The organization has been negligent in protecting its star players for years – see McDonagh, Ryan – and a trade for a legitimate enforcer is way past due. Prying Ryan Reaves, one of the best in the business who as a bonus happens to be the long-time nemesis of Washington Capitals tough guy/intimidator Tom Wilson, away from the Vegas Golden Knights would solve a host of problems. Such a presence would provide a comfort level to the teenagers and 20-somethings on the Blueshirts’ roster that are trying to learn how to play in the NHL without being knocked all over the place.
“You need those guys,” said Anaheim Ducks defenseman Kevin Shattenkirk, the former Ranger who lifted the Stanley Cup as a member of the Tampa Bay Lightning last season. “You need guys that are going to have a little bit of sandpaper. I think what it also does is it allows your skilled players to realize that they have a little protection out there. They have guys that are going to stick up for them if other teams are trying to take liberties and run around and try to intimidate you.”
The problem goes beyond adding one player, however. The Rangers may well have to remake part of their roster with toughness someday, as so many teams have in order to take the next step toward championship contention. But the kids will also have to learn how to stand up to this kind of challenge as a team, and that takes time – sometimes considerably more than an impatient fan base is willing to tolerate.

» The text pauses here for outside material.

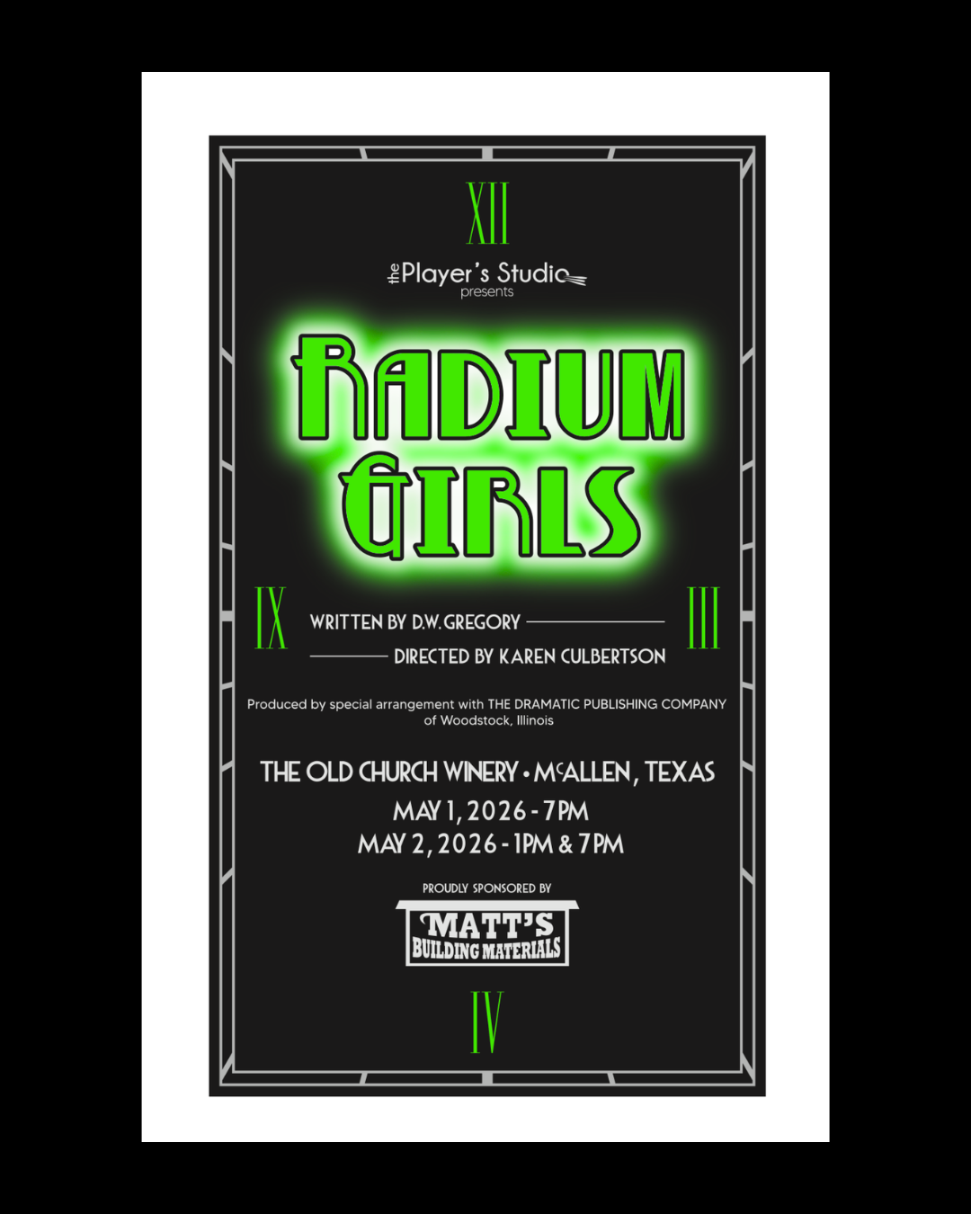 It's the early 1900s and radium is hailed as a miracle for everything from curing cancer to scientific advancements in technology. Among its many uses it is used to make the numbers on watches glow in the dark - a useful function especially for the military. Young American women flood new industries like the US Radium Corps to paint the tiny dials that may save a soldier's life. However, the very substance touted to save is actually killing the women in the factories. When Grace Fryer and her friends begin to grow seriously ill they seek out compensation from the company they trusted only to be turned away. Now they must navigate corporate greed, the court system, and the doubts of family and strangers alike just to see that they are given the justice they deserve. Radium Girls is an award winning play by DW Gregory based on true events. The show was originally produced by Playwrights Theatre of New Jersey and developed with a commissioning grant from The Ensemble Studio Theatre/Alfred P. Sloan Foundation Science & Technology Project. Since then it has been produced by hundreds of educational programs. It is an important story as relevant today as it ever has been.

Lightning’s 12-Year Odyssey Might Be Instructive for Rangers
Take the defending champs. The Lightning, in full rebuild mode after capturing the Cup in 2003-04, drafted Steven Stamkos first overall in 2008 and Victor Hedman second in 2009. They added Nikita Kucherov in the second round in 2011. Andrei Vasilevskiy was picked 19th overall in 2012. More recently, Mikhail Sergachev, Brayden Point and McDonagh came aboard via trade or the draft.
Yet, despite all the star power, it took Tampa Bay 12 years from the start of that process to win another championship. Along the way, there was plenty of frustration in the form of near-misses, including a loss in the 2015 Stanley Cup Final, defeats in the Eastern Conference Final in 2011, 2016 and 2018, and a sweep at the hands of the Columbus Blue Jackets in the first round after winning the Presidents’ Trophy in 2019.

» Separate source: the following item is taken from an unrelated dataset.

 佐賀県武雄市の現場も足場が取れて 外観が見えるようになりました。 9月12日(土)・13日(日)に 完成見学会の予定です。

It was only when the Lightning realized that they needed to focus on defending and committed to a straight-line, gritty approach that they were able to reach the top of the mountain. Their transformed identity, along with size and physicality that was added for their Cup run, proved to be the difference.
The Rangers are a long way from the phase of needing to add complementary players for a deep postseason run. They’re loaded with upside and possibility but don’t come close to resembling a playoff team at this point.
It’s possible that the exciting part of the building process – the adding of young future cornerstones – might be largely complete. That’s taken three-plus years, but now comes the period when patience will really be required in spades – the portion of the program when those players learn how to win. That’s almost always painful, and often drawn-out.
Quinn’s club is sure to keep riding the rollercoaster for the foreseeable future – unbeatable one night, feeble the next. Fans need to buckle up. It’s probably going to be stomach-churning for some time.